Computers

GNU/Linux Ubuntu 20.04 - GPU pass-through AMD Radeon RX5700 - Qemu - KVM - VFIO

Post added on Nov. 16, 2020

GNU/Linux Ubuntu 20.04 - GPU pass-through AMD Radeon RX5700 - Qemu - KVM - VFIO

My setup:

  • Gigabyte Aorus X570 Master - Flashed with BIOS version F30
  • AMD Ryzen R9 3950X
  • Asrock Radeon RX5700 (reference design) for my host machine
  • Asus Radeon RX5700 (reference design) for my VM guest

BIOS setup

  • CSM disable
  • UEFI boot enable

Host machine OS

  • GNU/Linux Xubuntu 20.04.1

Installation of the necessary software

sudo apt-get install bridge-utils ovmf libvirt-clients libvirt-daemon-system qemu-kvm qemu-utils virt-manager uml-utilities vim git build-essential linux-headers-`uname -r` libncurses-dev flex bison openssl libssl-dev dkms libelf-dev libudev-dev libpci-dev libiberty-dev autoconf kernel-package fakeroot libncurses5-dev

Modification of GRUB configuration

sudo vim /etc/default/grub

GRUB_CMDLINE_LINUX_DEFAULT="quiet splash acpi_enforce_resources=lax amd_iommu=on iommu=pt pcie_acs_override=downstream vfio_iommu_type1.allow_unsafe_interrupts=1 kvm.ignore_msrs=1 rd.driver.pre=vfio-pci amdgpu.ppfeaturemask=0xffffffff"

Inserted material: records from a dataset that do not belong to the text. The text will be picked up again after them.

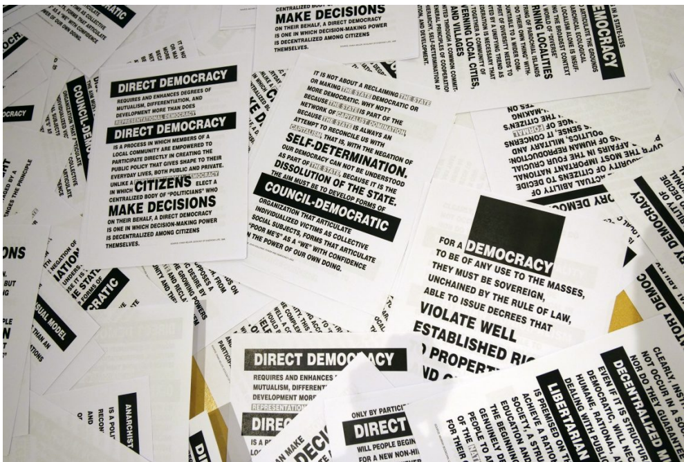
"Fly Democracy", Installation view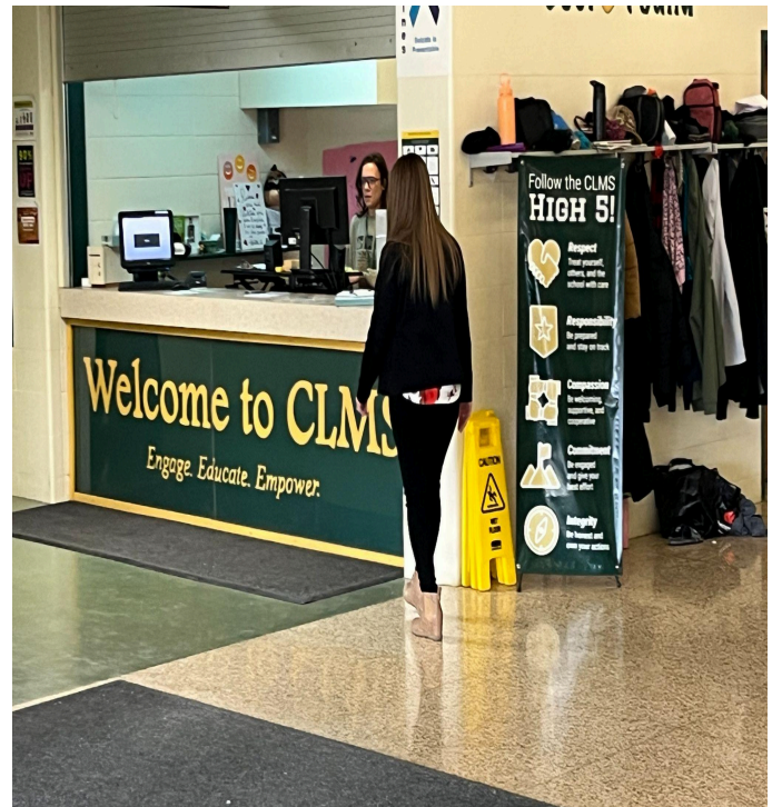
Check in desk - 42 feet from buzz in entry to CLMS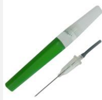
Model: ES59901 Name: Blood Collection Needles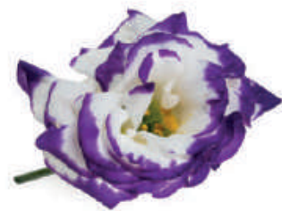
Excaliber Blue Picotee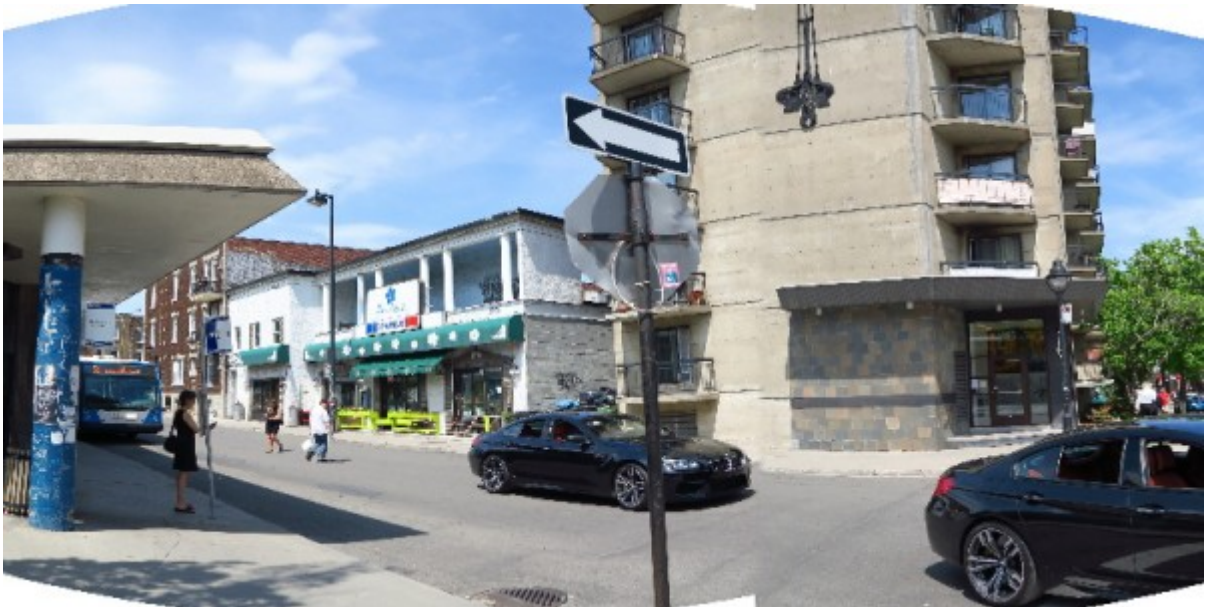
laurier station sidewalk sweep – upper end

All this concern for taxi, bike and pedestrian access facilitation can be understood, and appreciated given the adjacent “institutional row” made up of a trade union headquarters, an LDS church headquarters and the Quebec National School of ballet dancing ... and given what these institutions come to represent as figure heads to the neighborhood and district.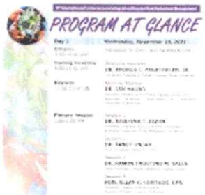
8th ICIDRRM 4.jpg 114K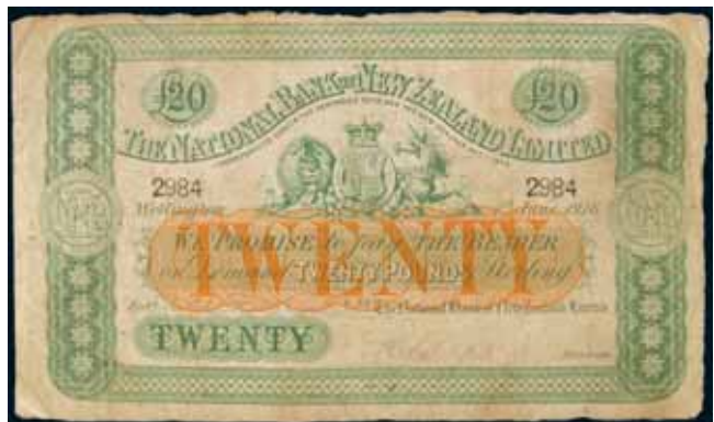
3862* National Bank of New Zealand , third issue, twenty pounds, Wellington, 1 June 1916, 2984, imprint of Perkins, Bacon & Co. Ld. London (Robb.J.36; L.509; P.S310). Creases and light folds, otherwise fine and very rare.

Isolation of the GPU pass-through device

In my case, i needed to isolate a couple of devices. You will need to run that command line in order to select your own devices:

for iommu_group in $(find /sys/kernel/iommu_groups/ -maxdepth 1 -mindepth 1 -type d); do echo "IOMMU group $(basename "$iommu_group")"; for device in $(ls -1 "$iommu_group"/devices/); do echo -n $'\t'; lspci -nns "$device"; done; done

Guest GPU and its HDMI audio device

IOMMU group 38
13:00.0 VGA compatible controller [0300]: Advanced Micro Devices, Inc. [AMD/ATI] Navi 10 [Radeon RX 5600 OEM/5600 XT / 5700/5700 XT] [1002:731f] (rev c4)
IOMMU group 39
13:00.1 Audio device [0403]: Advanced Micro Devices, Inc. [AMD/ATI] Navi 10 HDMI Audio [1002:ab38]

PCIE NVME SSD

IOMMU group 26
04:00.0 Non-Volatile memory controller [0108]: Samsung Electronics Co Ltd NVMe SSD Controller SM981/PM981/PM983 [144d:a808]

Sound card

IOMMU group 31
09:00.0 PCI bridge [0604]: Tundra Semiconductor Corp. Tsi381 PCIe to PCI Bridge [10e3:8111] (rev 02)
0a:00.0 Multimedia audio controller [0401]: Creative Labs CA0108/CA10300 [Sound Blaster Audigy Series] [1102:0008]

USB controller

IOMMU group 43
15:00.3 USB controller [0c03]: Advanced Micro Devices, Inc. [AMD] Matisse USB 3.0 Host Controller [1022:149c]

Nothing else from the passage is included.